Do I think most UK or EU citizens will have a problem entering the US? Not at all, it is easy for the huge majority. I think the OP will breeze right through. All I'm saying is that it is not 100% guaranteed. If you have a permanent residence and regular employment or financial security you're pretty much a shoe-in. If not, it may depend. 




Mainecoons said:


> If you were a Mexican citizen it is a whole lot harder.


Oh, yes indeed it is!


----------



## dimsi (Dec 2, 2010)

Hi! I am a mexican and french citizen and have gone into the US through the Mexican and Canadian land borders with no problems as a french citizen since I would need a visa using my mexican passport. Granted, they do ask where you're going, etc but as long as you explain your situation (work in Mty, want to go to the us for the weekend) it shouldn't be a problem. 

Of course, like the previous post stated, you're not guaranteed entry even if you're from a visa waiver country - it just gives you a right to apply for entry. Then again, every single foreigner is in the same situation at the entry points (mexicans with usa visas, etc)
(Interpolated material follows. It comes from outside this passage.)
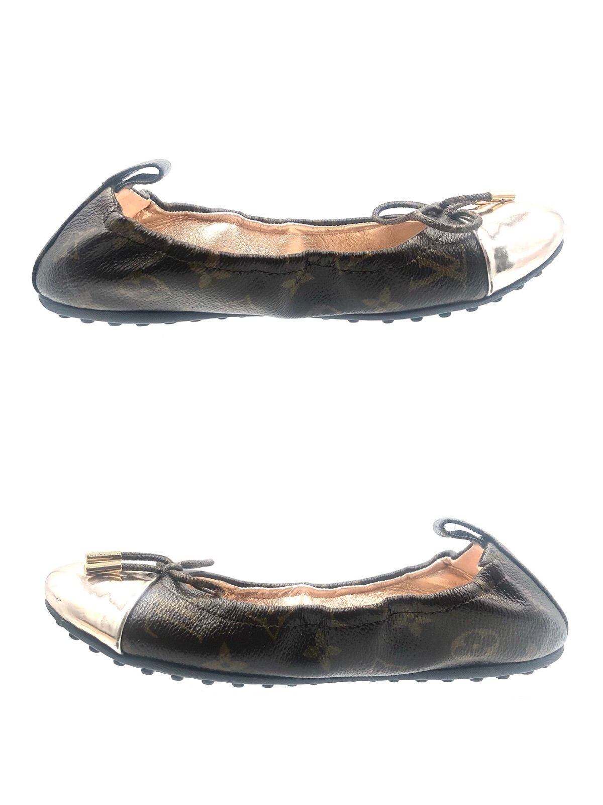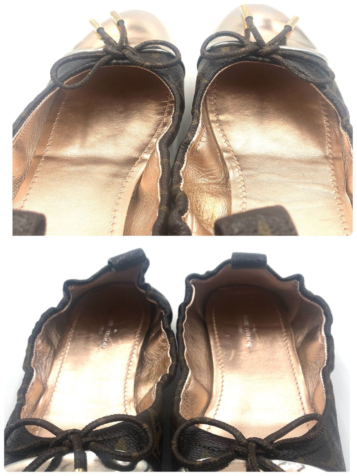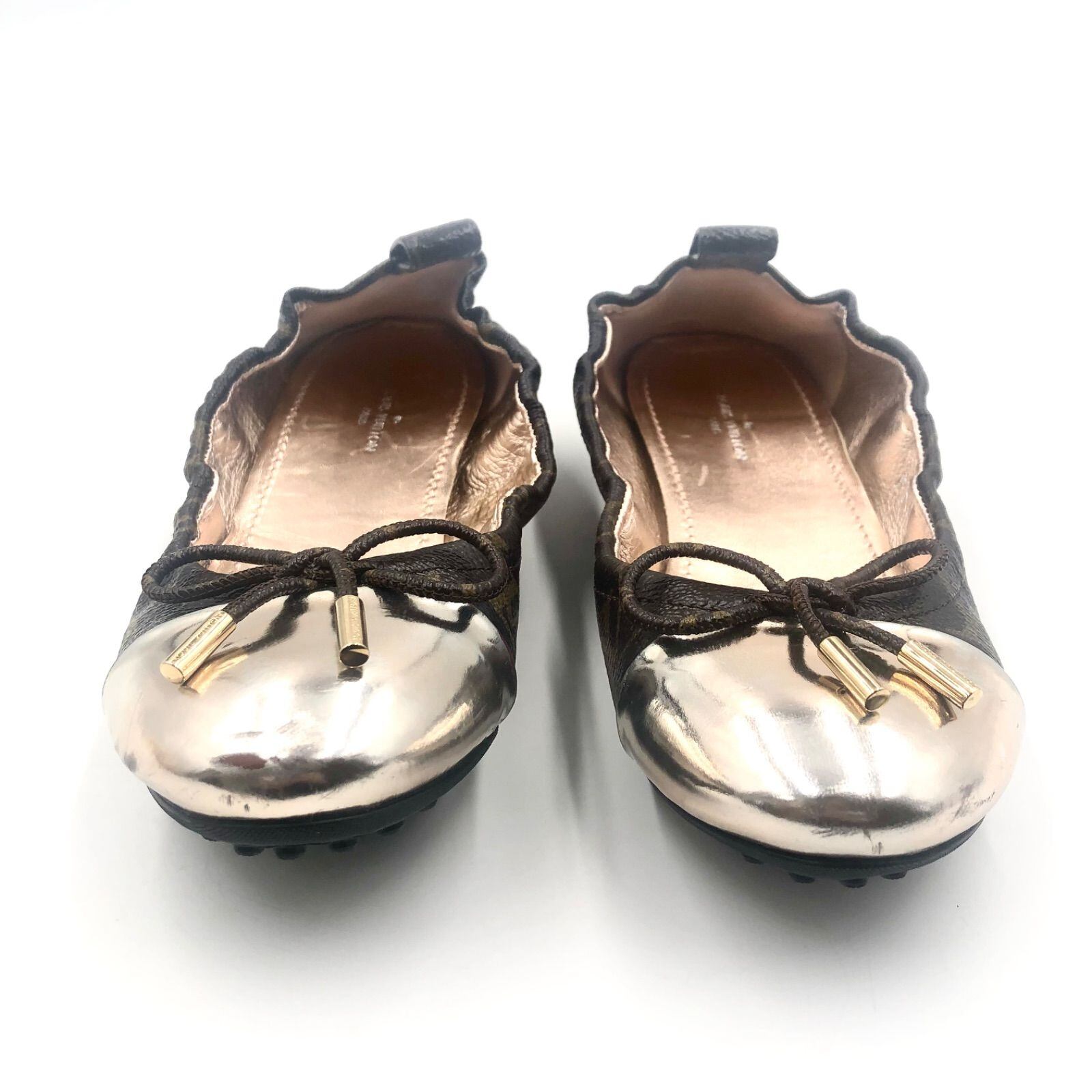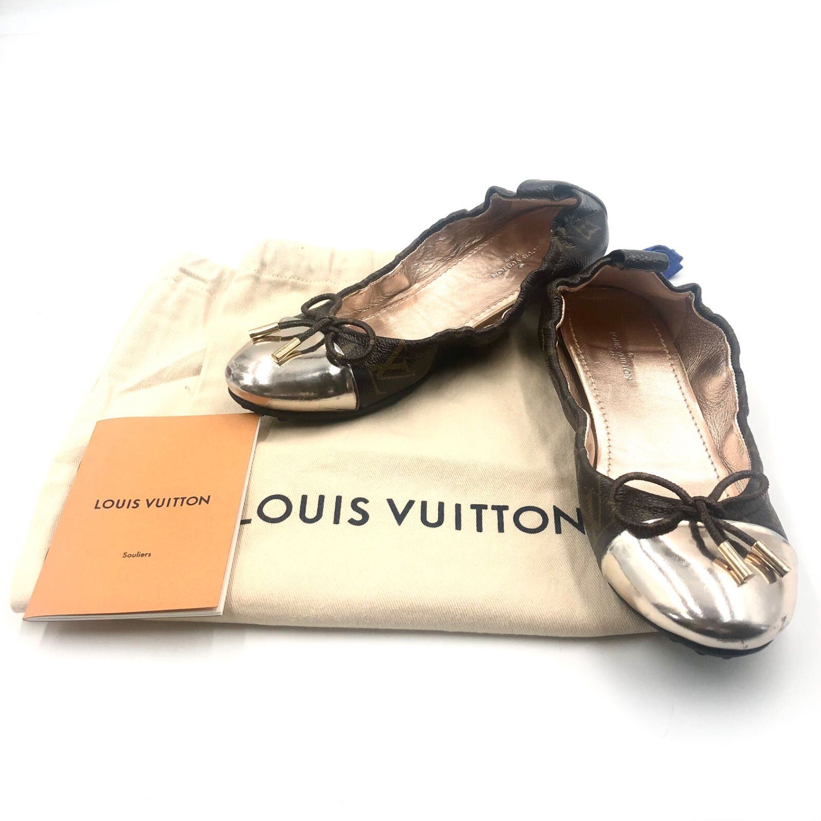 ■美品■LOUIS VUITTON ルイヴィトン モノグラム バレエシューズ フラットシューズ ブラウン×シャンパンゴールド PVC×レザー イタリア製 刻印あり 保存袋 冊子 サイズ36(23cm程度) レディース

Do expect to have to get out of your car and get in line like the rest of the Mexican citizens who are coming in and need a permit if going past the border cities. We had to get the green visa waiver form validated, pictures taken, etc. This can take time if there's a lot of people for example on long weekends or special holidays where many people travel.

Just in case I would take your mexican work visa, work contract, paychecks, housing lease or other as proof of your stay in Mty but I wouldn't be too worried.


----------